Los ging’s am Freitag um 9.00 Uhr. Unser Busfahrer Berthold kam mit dem Doppeldecker der Firma Maas und einem geräumigen Anhänger, so dass alle Musiker und SVler sowie
alles Gepäck und unsere Instrumente Platz hatten. Pech nur, ein Rad am Anhänger hatte einen Platten, so dass sich die Abfahrt etwas verzögerte. Mit Pannenspray und frischer Luft
aus Empfingen ging’s dann auf die gut 420 km lange Fahrt. Zum Frühstück fuhren wir an der Raststätte Langenau ab, und ließen uns die mitgebrachten Brezeln, Pfefferbeißer mit einem Becher Sekt oder Orangensaft schmecken. Zur Mittagszeit gab’s einen Aufenthalt in der Münchener Innenstadt. Ein Teil der Gruppe ging direkt ins Hofbräuhaus, ein anderer Teil ab zum Shoppen, der Rest verbrachte die Zeit im Biergarten am Viktualienmarkt. Auf der Weiterfahrt wurde auch noch unser Münchner Rainer Eger aufgegabelt, dann ging’s ohne Pause weiter nach Weildorf.
Auf dem Festplatz warteten bereits unsere Gastgeber, und wir wurden mit Sekt und Häppchen empfangen. Bei der Quartierverteilung stellte sich heraus, dass auch (fast) alle eine Unterkunft hatten.
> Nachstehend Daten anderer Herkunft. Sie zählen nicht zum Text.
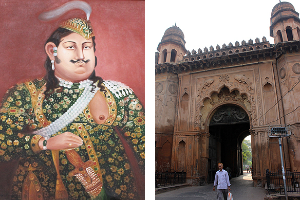 Left: The 11th and last Nawab of Lucknow, Wajid Ali Shah, who built Qaiser Bagh; Right: One of the two Lakhi gates which lead into the complex.
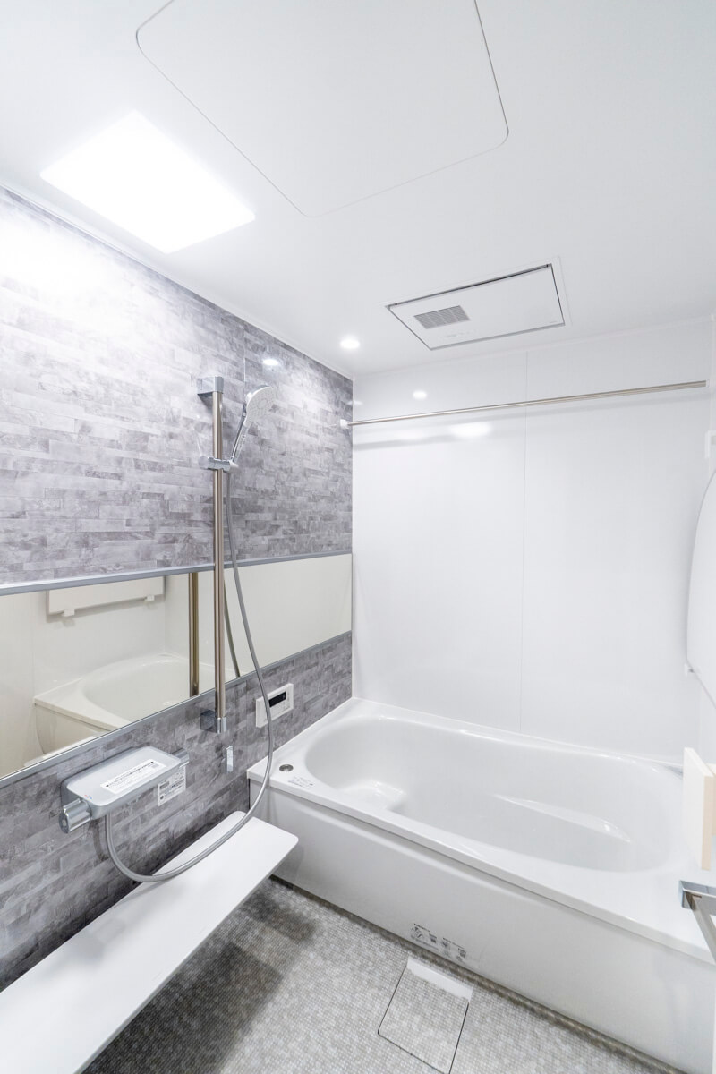 グレートーンで落ち着きのある雰囲気のバスルーム。追い炊き機能の他、浴室換気乾燥機とランドリーパイプ付きで雨の日や冬場の洗濯にも困りません。

Nachdem die letzten Unklarheiten beseitigt waren, beförderte uns Berthold zu den Unterkünften, um uns nach einer Dusche später wieder abzuholen. Da am Freitag Abend das Fest noch nicht eröffnet war, nahmen wir die Bar in Beschlag und konnten uns an dem herrlich hergerichteten Buffet bedienen. Zu späterer Stunde unterhielten uns Günter und Klaus-Dieter auf dem Akkordeon und es wurde kräftig gesungen.
Der Samstag war zunächst noch zur freien Verfügung. Mit dem Bus unter Führung von Pfarrer Horst Kreß ging’s nach Berchtesgaden, wo sich die Gruppe in Wanderer und Nicht-Wanderer aufteilte. Die nicht Wanderer verbrachten den Tag am nahen Königsee. Die Wandergruppe machte sich auf den Weg zur Kneifelspitze, dem 1189 m hohen Hausberg von Berchtesgaden. Beim Aufstieg war das Wetter noch ziemlich bewölkt und es bot sich oben leider keine gute Aussicht. Nach einem guten Essen ging’s wieder bergab. Da uns der Bus nicht wieder am ursprünglichen Punkt abholen konnte (es gab nur eine bescheidene Wendemöglichkeit) wanderten wir durch Berch tesgaden zum neuen Treffpunkt am Busbahnhof. Nachdem alle wieder komplett waren, ging’s zurück in die Unterkünfte zum „Styling“ für den ersten offiziellen Termin.
Um 18.00 Uhr war Antreten beim Festzelt und es ging mit einem kleinen Umzug zum Festakt an die Kirche in Weildorf. Nach den Reden spielten alle anwesenden Kapellen zusammen einen Marsch, den wir als quasi Ehrengäste eröffnen durften.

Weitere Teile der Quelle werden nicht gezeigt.